对于给定的输入表示 ${x_{i} \in R^{d}}_{i = 1}^{t}$ ，为了实现对上下文语义依赖的建模，进一步引入在自注意力机制中涉及到的三个元素：查询 $q_{i} (Q u e r y)$ ，键 $k_{i} (K e y)$ ，值 $v_{i} (V a l u e)$ 。在编码输入序列中每一个单词的表示的过程中，这三个元素用于计算上下文单词所对应的权重得分。直观地说，这些权重反映了在编码当前单词的表示时，对于上下文不同部分所需要的关注程度。

三、前馈层

前馈层接受自注意力子层的输出作为输入，并通过一个带有 Relu 激活函数的两层全连接网络对输入进行更加复杂的非线性变换。

F F N (x) = R e l u (x W_{1} + b_{1}) W_{2} + b_{2}

其中 $W_{1}, b_{1}, W_{2}, b_{2}$ 表示前馈子层的参数。另外，以往的训练发现，增大前馈子层隐状态的维度有利于提升最终翻译结果的质量，因此，前馈子层隐状态的维度一般比自注意力子层要大。

四、残差连接与层归一化

由于 Transformer 结构组成的网络结构通常都是非常庞大。编码器和解码器均由很多层基本的 Transformer 块组成，每一层当中都包含复杂的非线性映射，这就导致模型的训练比较困难。因此，研究者们在 Transformer 块中进一步引入了残差连接与层归一化技术以进一步提升训练的稳定性。

残差连接

使用一条直连通道直接将对应子层的输入连接到输出上，从而避免由于网络过深在优化过程中潜在的梯度消失问题：

x^{l + 1} = f (x^{l}) + x^{l}

其中 $x^{l}$ 表示第 $l$ 层的输入， $f (\cdot)$ 表示一个映射函数。

层归一化

L N (x) = α \cdot \frac{x - μ}{σ} + b

其中 $μ$ 和 $σ$ 分别表示均值和方差，用于将数据平移缩放到均值为 0，方差为 1 的标准分布， $a$ 和 $b$ 是可学习的参数。层归一化技术可以有效地缓解优化过程中潜在的不稳定、收敛速度慢等问题。

五、编码器和解码器的结构

相比于编码器端，解码器端要更复杂一些。具体来说，解码器的每个 Transformer 块的第一个自注意力子层额外增加了注意力掩码，对应上图中的掩码多头注意力（Masked Multi-Head Attention）部分。额外增加的掩码用来掩盖后续的文本信息，以防模型在训练阶段直接看到后续的文本序列进而无法得到有效地训练。

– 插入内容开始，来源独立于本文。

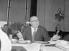 As administrator of the FWA, Carmody appeared before a Senate committee on July 13, 1939, where he promised to the "Senate Banking and Currency Committee that the new $350,000,000 public works program would not interfere with private industry. He pointed out that President Roosevelt's program made no specific provisions for federal loans to municipalities for acquisition of private utilities."[5]
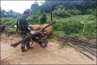 Bengkayang- anggota satgas TMMD Ke-111 kodim 1202/SKW angkut material besi menggunakan sepeda motor untuk mempercepat penggangkutan untuk bahan pengecoran pembangunan jembatan ukuran 3×4 M. Jum’at (18/06/2021)
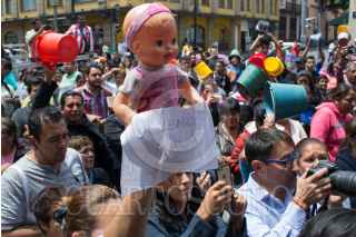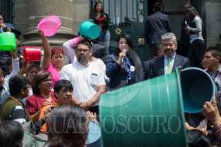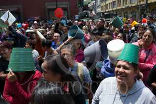CIUDAD DE MÉXICO, 22MARZO2016.- Habitantes de la delegación Iztapalapa exigieron agua potable para sus colonias afuera de la Asamblea Legislativa del DF, en el marco del Día Mundial del Agua, los inconformes llevaron cubetas sin el vital líquido, por que es como se encuentran sus casas, denunciaron. Las diputadas Wendy González Urrutia y Janet Hernández Sotelo marcharon con los inconformes del recinto legislativo hacia el Zócalo en apoyo a su demanda. FOTO: MOISÉS PABLO /CUARTOSCURO.COM

此外，解码器端还额外增加了一个多头注意力模块，使用交叉注意力方法，同时接收来自编码器端的输出以及当前 Transformer 块的前一个掩码注意力层的输出。

基于上述的编码器和解码器结构，待翻译的源语言文本，先经过编码器端的每个 Transformer 块对其上下文语义的层层抽象，然后输出每一个源语言单词上下文相关的表示。解码器端以自回归的方式生成目标语言文本，即在每个时间步 $t$ ，根据编码器端输出的源语言文本表示，与前 $t - 1$ 个时刻生成的目标语言文本，生成当前时刻的目标语言单词。

如何提高训练效果

调参

老生常谈。将源代码^[2]的 epochs 调大一点，使用全部训练集，以及调整模型的参数，如 batch size、head、layers 等都是可行的方法。甚至增加模型的深度（更多的编码器/解码器层）或宽度（更大的隐藏层尺寸）也是可以的。

加入术语词典

通过使用术语词典来替换翻译结果中的术语。这是最简单的一种方法。

def load_dictionary(dict_path):
    term_dict = {}
    with open(dict_path, 'r', encoding='utf-8') as f:
        data = f.read()
    data = data.strip().split('\n')
    source_term = [line.split('\t')[0] for line in data]
    target_term = [line.split('\t')[1] for line in data]
    for i in range(len(source_term)):
        term_dict[source_term[i]] = target_term[i]
    return term_dict

def post_process_translation(translation, term_dict):
    # 如果单词在术语词典中存在，则将其替换为对应的术语，否则保持不变。
    translated_words = [term_dict.get(word, word) for word in translation]
    return "".join(translated_words)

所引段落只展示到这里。